Shareholders' meetings with video conferencing are divided into the following two types:
A shareholder taking part in a shareholders' meeting by video conference shall be deemed to have attended in person.
- Hybrid shareholders' meeting: means the company convenes a physical shareholders' meeting with the assistance of video conferencing, and shareholders may choose to take part in the shareholders' meeting physically or by means of video conference.
- Virtual-only shareholders' meeting: means the company does not convene a physical shareholders' meeting, and convenes the meeting only by video, and shareholders may attend the shareholders' meeting only by means of video conferencing.
Unless otherwise provided in these Regulations, a company that will convene a shareholders' meeting with video conferencing shall expressly provide for such meetings in its Articles of Incorporation and obtain a resolution of its board of directors.

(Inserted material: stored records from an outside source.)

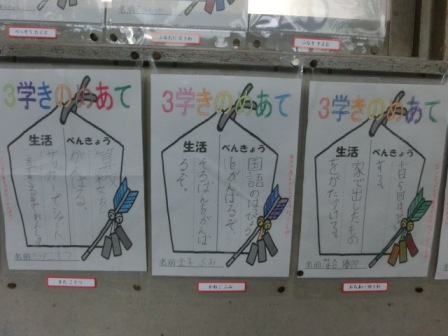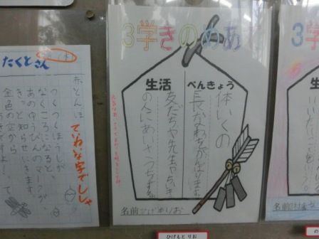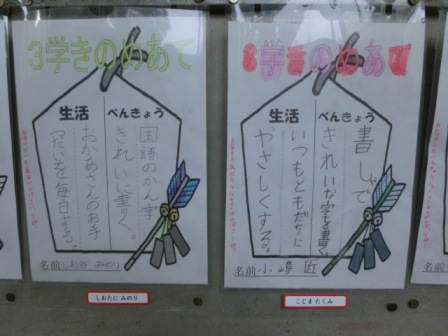 今日。校内を巡っていると、素敵な目標が目に付きました。毎日回っているのですが、子どもたちの様子や書き初めに目が行き、気がついていなかったようです。2年生の目標の一部を紹介します。
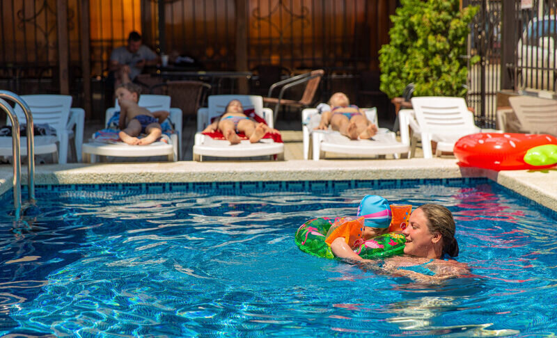 «Море-Море» — это современный отель с обустроенной зоной для водных процедур. Вход в бассейн доступен только гостям отеля.
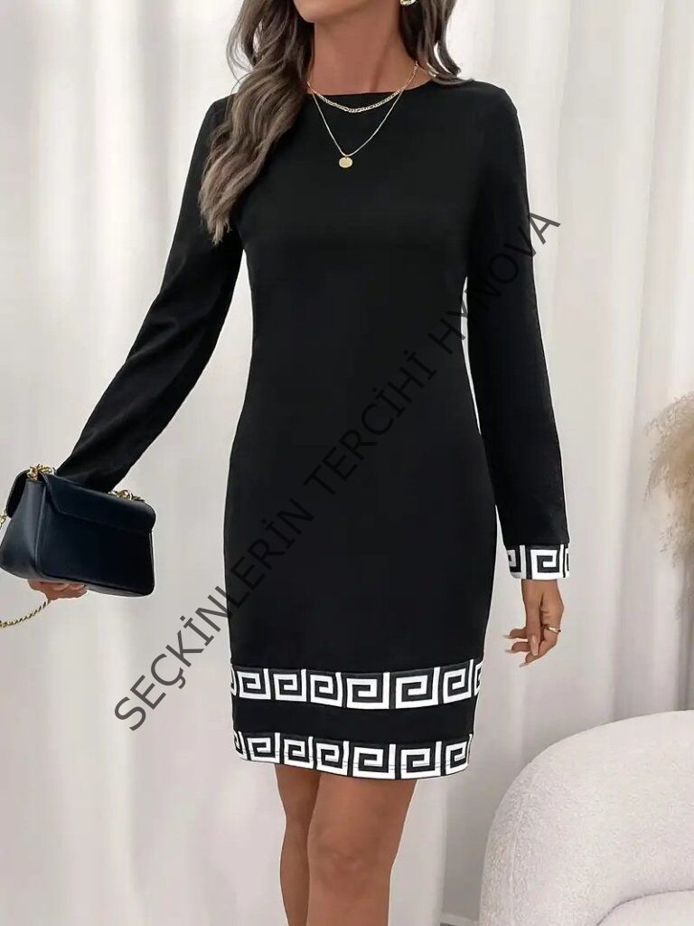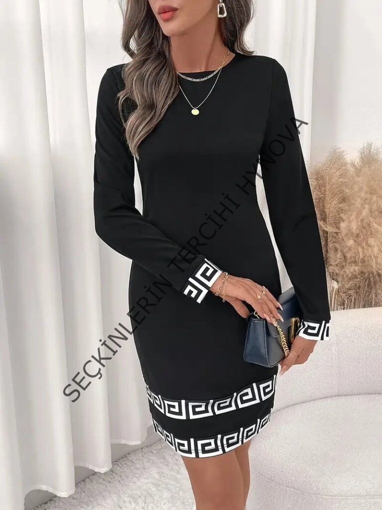 Kadın Uzun Kollu Bisiklet Yaka Mini Ithal Krep Elbise
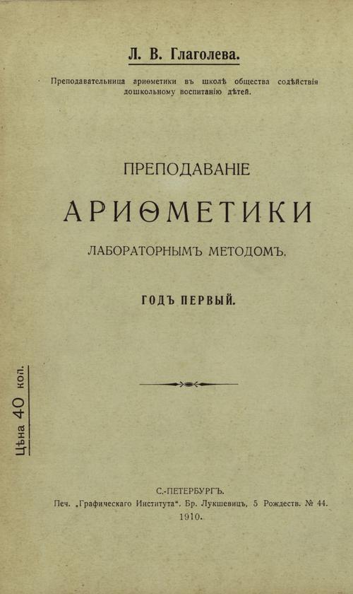 Глаголева Л. В. Преподавание арифметики лабораторным методом. Год первый. — 1910

If a company will convene a hybrid shareholders' meeting within 1 year from the date of issuance of the 4 March 2022 amendments to these Regulations, and it has not yet made express provision in its Articles of Incorporation permitting the convening of shareholders' meetings with video conferencing, it shall obtain approval by a majority vote of the directors in attendance at a board of directors meeting attended by two-thirds or more of the directors before proceeding to convene the meeting.
If, due to a natural disaster, unforeseen event, or other force majeure event, the Ministry of Economic Affairs announces that within a certain period of time companies may hold their shareholders' meetings by means of video conferencing, companies may be exempted during that period from the requirement of express provision in their Articles of Incorporation under paragraph 3.
If a shareholders' meeting with video conferencing is convened by any person with convening rights other than the board of directors, the provisions of this chapter shall apply mutatis mutandis, and the convening of the meeting may be exempted from the requirement of express provision in the Articles of Incorporation under paragraph 3.